Primary Outcome Measures

Name	Time	Method
Progression-free survival (PFS)	Approximately 2 years	PFS as assessed by Blinded Independent Central Review (BICR) per Lugano Classification is superior for ibrutinib plus zilovertamab compared to ibrutinib plus placebo among subjects with relapsed or refractory (R/R) mantle cell lymphoma (MCL) that had a PR or SD after 16 weeks of ibrutinib monotherapy.

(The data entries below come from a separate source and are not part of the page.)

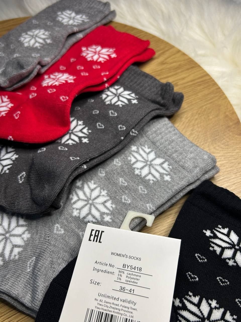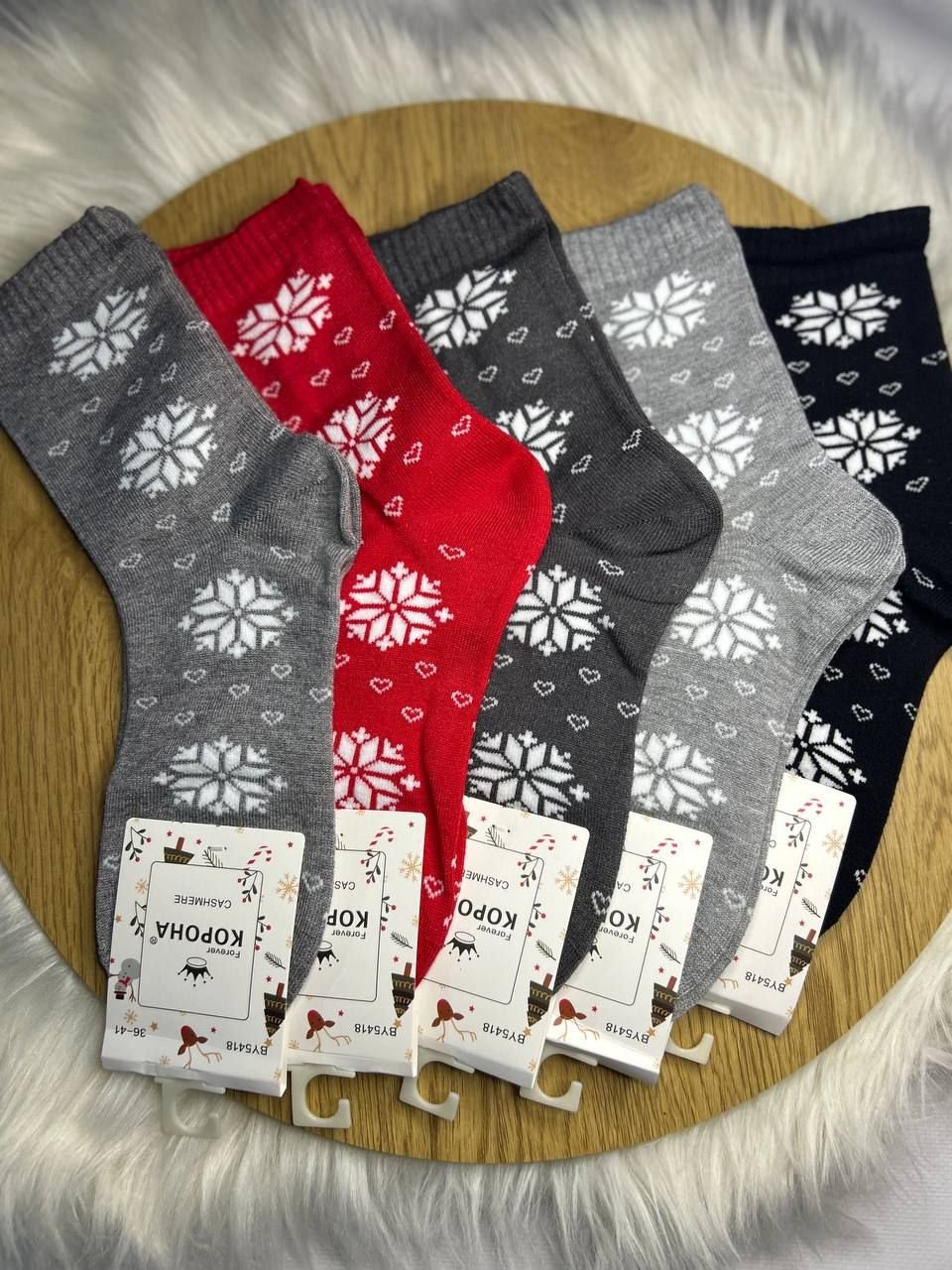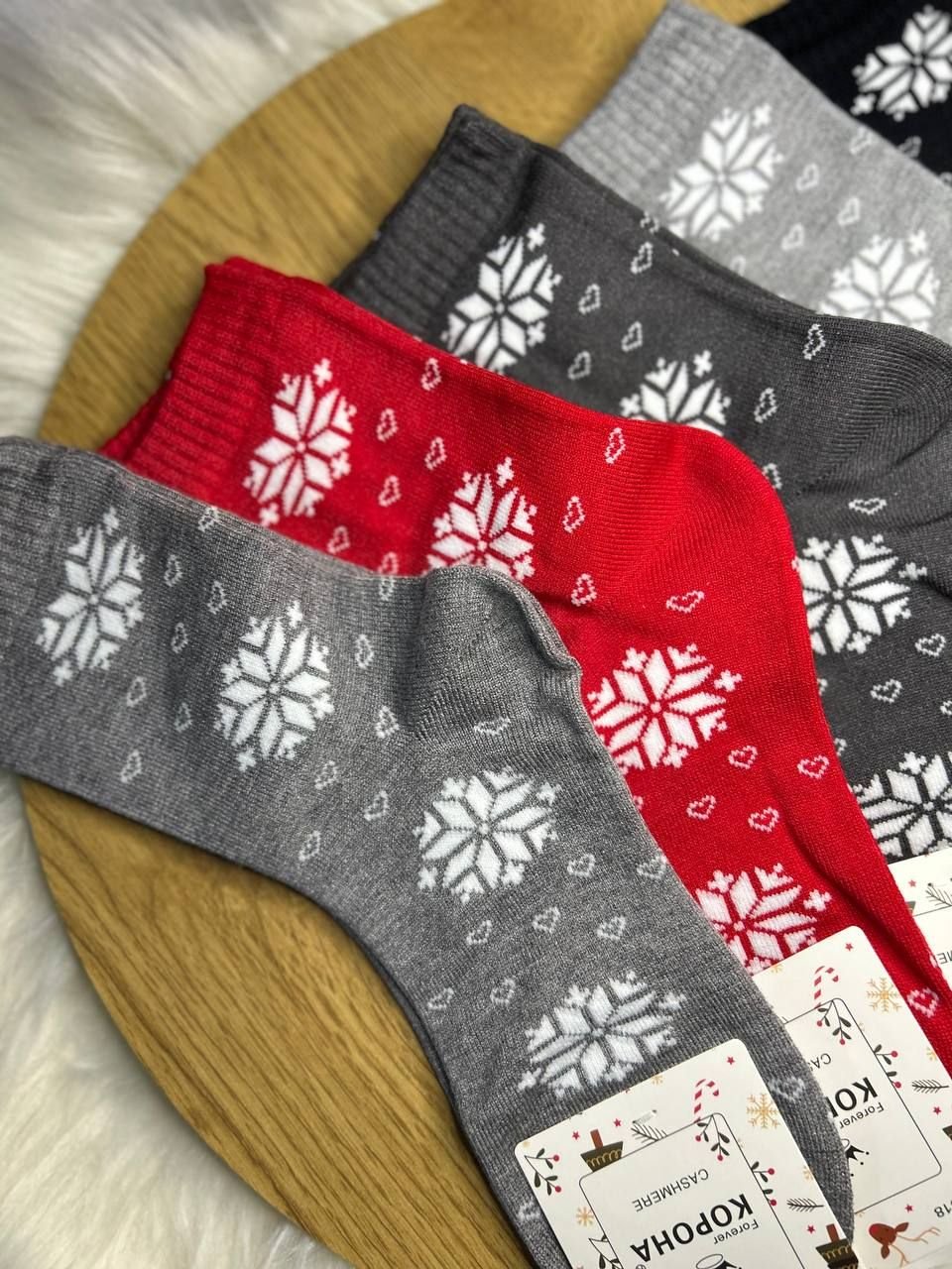 Новорічні термо/кашемірові шкарпетки "Корона" | Жіночі • Сніжинки| Розмір: 36-41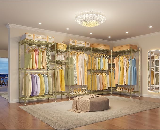 - Multifunctional Closet Rack: This clothing rack comes with 7 adjustable shelves and 4 hanging rods to accommodate a range of clothing items. The height of shelves is adjustable with the easy-to-use slip-sleeve locking system. You can move it higher or lower according to your clothes length.
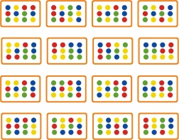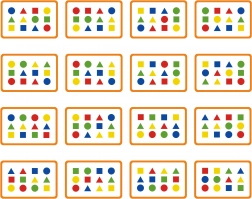 Kinder ordnen die Klötze so an, dass sie der Vorlage auf der Karte entsprechen. Sie beginnen mit einfachen Farbmustern und gehen nahtlos zu geometrischen Formen über.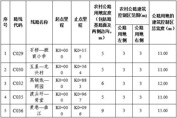 本镇管辖区内村道两侧边沟(截水沟、坡脚护坡道)外缘起一米的土地为农村公路用地。村道建筑控制区的范围是从农村公路用地外缘起向外的距离标准不少于三米,具体如下:
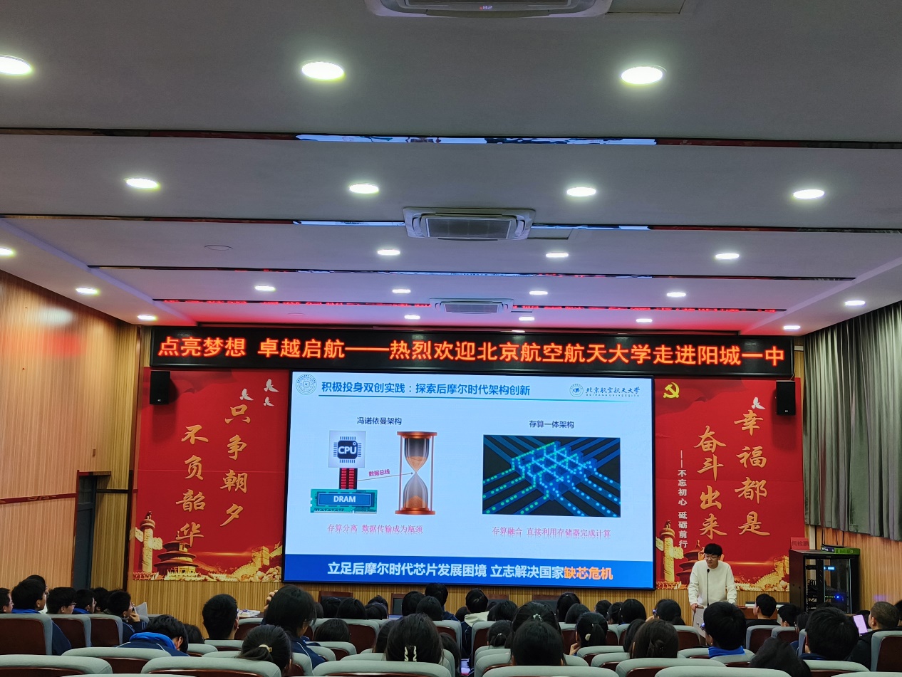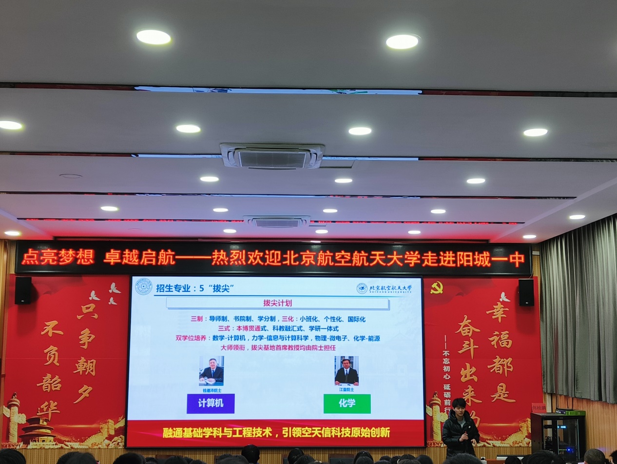 为弘扬北航空天报国精神,体现服务重大战略需求,北航山西招生组、北航集成电路学院“芯梦启航”实践队来到了阳城一中,围绕北航优势与北航集成电路学科建设进行了宣讲活动。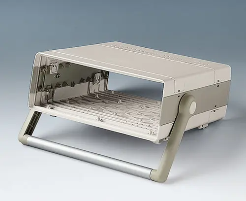 Griffbügel zum Tragen und Schrägstellen des Gerätes. Mit belastbarem Einrastmechanismus in 30°-Stufen verstellbar. Al-Profil (AS050124 silber / AS051254 schwarz) in der erforderlichen Länge als separates Zubehörteil (auf Anfrage). Die Profillänge ist 16 mm kleiner als die Gehäusebreite.

Secondary Outcome Measures

Name	Time	Method
Objective Response Rate (ORR)	Approximately 4 years	Assessed by BICR per Lugano Classification, among the subjects who received the combination of zilovertamab plus ibrutinib compared with the subjects who received ibrutinib plus placebo.
Duration of Response (DOR)	Approximately 4 years	Assessed by BICR per Lugano Classification, among the subjects who received the combination of zilovertamab plus ibrutinib compared with the subjects who received ibrutinib plus placebo.
Overall Survival (OS)	Approximately 4 years	OS among the subjects who received the combination of zilovertamab plus ibrutinib compared with the subjects who received ibrutinib plus placebo.
Overall Safety Profile	Approximately 4 years	Overall safety profile among the subjects who received the combination of zilovertamab plus ibrutinib compared with the subjects who received ibrutinib plus placebo. This would include incidence of treatment-emergent adverse events and laboratory abnormalities.
Complete Response Rate	Approximately 4 years	Assessed by BICR per Lugano Classification Classification among the subjects who received the combination of zilovertamab plus ibrutinib compared with the subjects who received ibrutinib plus placebo.
Proportion of subjects experiencing Grade 3 to 4 neutrophil count decrease	Approximately 4 years	Proportion of subjects experiencing Grade 3 to 4 neutrophil count decrease among the subjects who received the combination of zilovertamab plus ibrutinib compared with the subjects who received ibrutinib plus placebo based on laboratory abnormalities.